El rejoneador más aclamado de la historia PABLO HERMOSO DE MENDOZA recibió a QUIEN en el Rancho de San Miguel de Allende, donde vive desde octubre y hasta marzo para completar su campaña en México.

Entrevista de Pablo Hermoso de Mendoza en la Revista QUIEN, número 10, de febrero de 2001, por Blanca Gómez Morera.

¿Que clase de torero es éste que no reza antes de salir al ruedo, no brinda sus faenas y comprende el reclamo de los ecologistas?. Este tipo se atreve a decir que puede vivir sin el toro, sin embargo, señores, es el mejor torero del mundo. Si no el mejor del mundo, porque como él mismo explica: "se sabe que el mejor atleta del mundo es el que le ha ganado a todos, cosa que no puede ocurrir en el toreo", sí es el torero de a caballo que más triunfos ha conquistado en toda la historia de la tauromaquia. Ha sido pionero en tres de las plazas más importantes: la México (el único rejoneador premiado con rabo y dos orejas el 5 de febrero de 2000), Las Ventas en Madrid (el único caballero que ha abierto la Puerta Grande) y La Maestranza en Sevilla (salió en hombros por la Puerta del Príncipe).
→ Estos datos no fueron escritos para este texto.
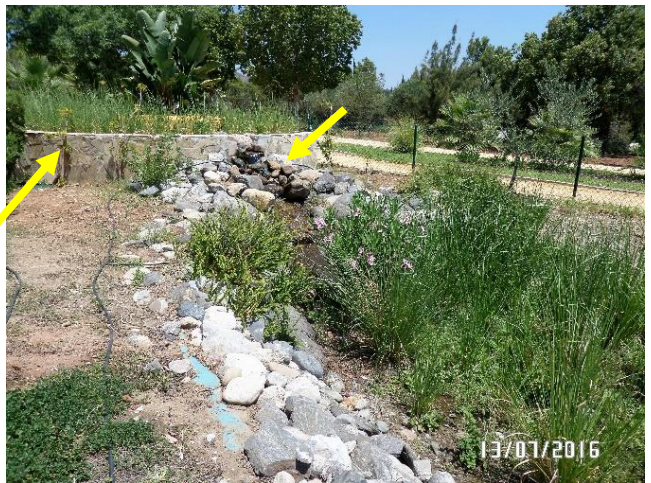
Fountain wetland and outlet into lower wetland

Definitivamente Pablo Hermoso de Mendoza no es un torero común, de entrada, porque no torea con muleta y capote como casi todas las figuras de hoy día. Su arte es el rejoneo, la modalidad taurina más antigua que existe, incluso anterior al toreo de a pie. Este español no recuerda cuándo comenzó a montar; lo que sí sabe con certeza es que esa actividad es como su droga. "Puedo estar un mes sin torear y vivo feliz, pero me voy cinco días de vacaciones y ya empiezo a necesitar montar. Siendo sólo jinete podría encontrarle sentido a mi vida. No podría vivir sin el caballo y sin el toro sí".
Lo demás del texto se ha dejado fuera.